DWKC-DTV
- Metro Manila; Philippines;
- City: Mandaluyong
- Channels: Digital: 31 (UHF) (ISDB-T); Virtual: 31.01;

Programming
- Subchannels: See list of subchannels
- Affiliations: 31.1: PRTV Prime Media; 31.2: Knowledge Channel; 31.3: RESERVED; 31.4: Bilyonaryo News Channel; 31.5: D8TV;

Ownership
- Owner: Broadcast Enterprises and Affiliated Media, Inc.

History
- First air date: October 31, 1993; 32 years ago
- Last air date: December 31, 2021; 4 years ago (Analog TV broadcast)
- Former call signs: DWKC-TV (1993–2003, 2011–21)
- Former channel numbers: Analog: 31 (UHF, 1993–2003, 2011–21); Digital: 32 (UHF, 2014–20); 50 (UHF, 2020–22);
- Former affiliations: Cinema Television (CTV) (1993–2000); E! Philippines (2000–2003); Silent (2003–11); The Game Channel (2011–12); CHASE (2011–12); Jack City (2012–14); BEAM TV (2014–21); Shop TV (2016–18); Pop Life (2019); Inquirer 990 TV (2020); DepEd TV (2021–22);
- Call sign meaning: derived from former sister station DWKC-FM

Technical information
- Licensing authority: NTC
- Power: 5 kW
- ERP: 25 kW
- Transmitter coordinates: 14°36′37.4″N 121°9′25.4″E﻿ / ﻿14.610389°N 121.157056°E

Links
- Website: www.beam.com.ph

= DWKC-DTV =

DWKC-DTV (channel 31) is a digital-only television station in Metro Manila, Philippines, serving as the flagship of Broadcast Enterprises and Affiliated Media, Inc.
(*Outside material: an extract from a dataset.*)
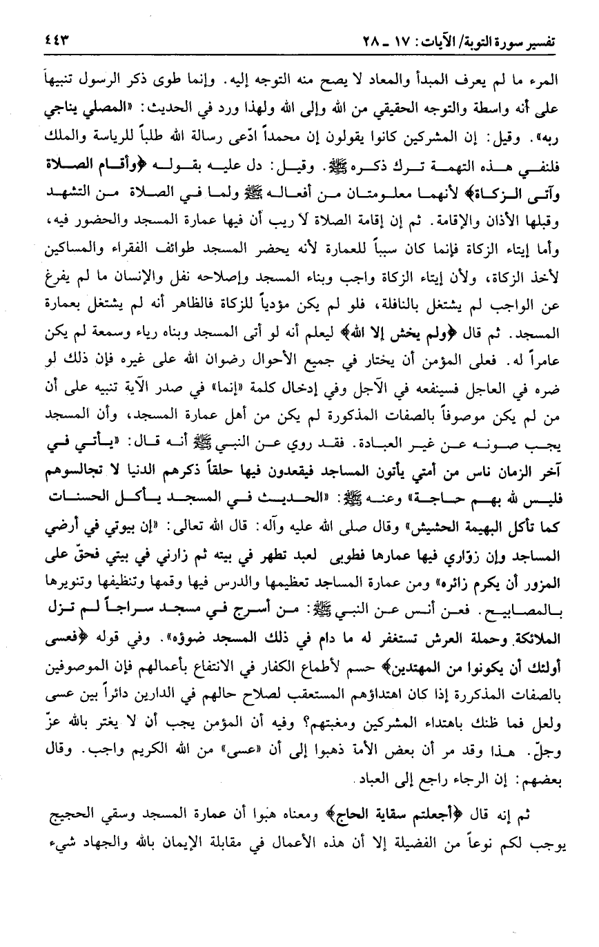 المرء ما لم يعرف المبدأ والمعاد لا يصح منه التوجه إليه. وإنما طوى ذكر الرسول تنبيها على أنه واسطة والتوجه الحقيقي من الله وإلى الله ولهذا ورد في الحديث: «المصلي يناجي ربه» . وقيل: إن المشركين كانوا يقولون إن محمدا ادّعى رسالة الله طلبا للرياسة والملك فلنفي هذه التهمة ترك ذكره صلى الله عليه وسلم. وقيل: دل عليه بقوله وَأَقامَ الصَّلاةَ وَآتَى الزَّكاةَ لأنهما معلومتان من أفعاله صلى الله عليه وسلم ولما في الصلاة من التشهد وقبلها الأذان والإقامة. ثم إن إقامة الصلاة لا ريب أن فيها عمارة المسجد والحضور فيه، وأما إيتاء الزكاة فإنما كان سببا للعمارة لأنه يحضر المسجد طوائف الفقراء والمساكين لأخذ الزكاة، ولأن إيتاء الزكاة واجب وبناء المسجد وإصلاحه نفل والإنسان ما لم يفرغ عن الواجب لم يشتغل بالنافلة، فلو لم يكن مؤديا للزكاة فالظاهر أنه لم يشتغل بعمارة المسجد. ثم قال وَلَمْ يَخْشَ إِلَّا اللَّهَ ليعلم أنه لو أتى المسجد وبناه رياء وسمعة لم يكن عامرا له. فعلى المؤمن أن يختار في جميع الأحوال رضوان الله على غيره فإن ذلك لو ضره في العاجل فسينفعه في الآجل وفي إدخال كلمة «إنما» في صدر الآية تنبيه على أن من لم يكن موصوفا بالصفات المذكورة لم يكن من أهل عمارة المسجد، وأن المسجد يجب صونه عن غير العبادة.

Its main office is located at the 3rd floor, Globe Telecom Plaza 1, Pioneer Street corner Madison St., Mandaluyong City, Metro Manila while its transmitter and master control is located at Palos Verdes Subdivision, Sumulong Highway, Barangay Santa Cruz, Antipolo City, Rizal Province.

==History==
===As CTV-31===
On October 31, 1993, Radio Mindanao Network became the second radio-based network to launch a TV station called Cinema Television 31 (CTV-31) through its flagship station, DWKC-TV. An all-movie channel, its programming included a presentation of Filipino and Hollywood movies respectively, and programs from E!, an American cable channel. It is the first UHF station to be inspired by the format of a cable movie channel. The station once clinched a top spot for its TV ratings in all UHF stations.
However, because of the broadcasting rules assigned by National Telecommunications Commission and the matter that they acquired the broadcast rights from E!, CTV-31 stopped its broadcast in September 2000, exacerbated by stiff competition from Studio 23 (now known as S+A, and later IZTV/Aliw 23), a UHF rival operated by ABS-CBN Corporation through AMCARA Broadcasting Network.
.

===E! Philippines 31 and ceased transmission===

E! Philippines Channel 31 logo from 2000 to 2003

In September 2000, E! and RMN announced its partnership to relaunch CTV into E! Philippines Channel 31, with its broadcasting extended into 12 hours. But in 2003, it reduced its broadcasts into 6 broadcasting-hours, from 6:00 PM to 12:00 MN. Some of E!'s programs were brought to the Philippines and remade in a local version, one of which was Wild On! Philippines. However, on June 1, 2003, RMN decided to cease their operations on TV due to financial constraints and poor television ratings as well as increasing losses and debts brought about by few advertisers (e.g. Fortune Tobacco Corporation; now PMFTC), and somehow to focus only on their 2 radio networks (RMN and iFM). There were several religious groups who had wished to acquire block programming of E! Philippines, but RMN refused to accept their offers. Some programs of E! were broadcast later to Q (now GTV, current aired over Channel 27) via E! on Q, ETC (now SolarFlix, aired over SBN), Solar News Channel (aired over RPN), and Velvet (now defunct).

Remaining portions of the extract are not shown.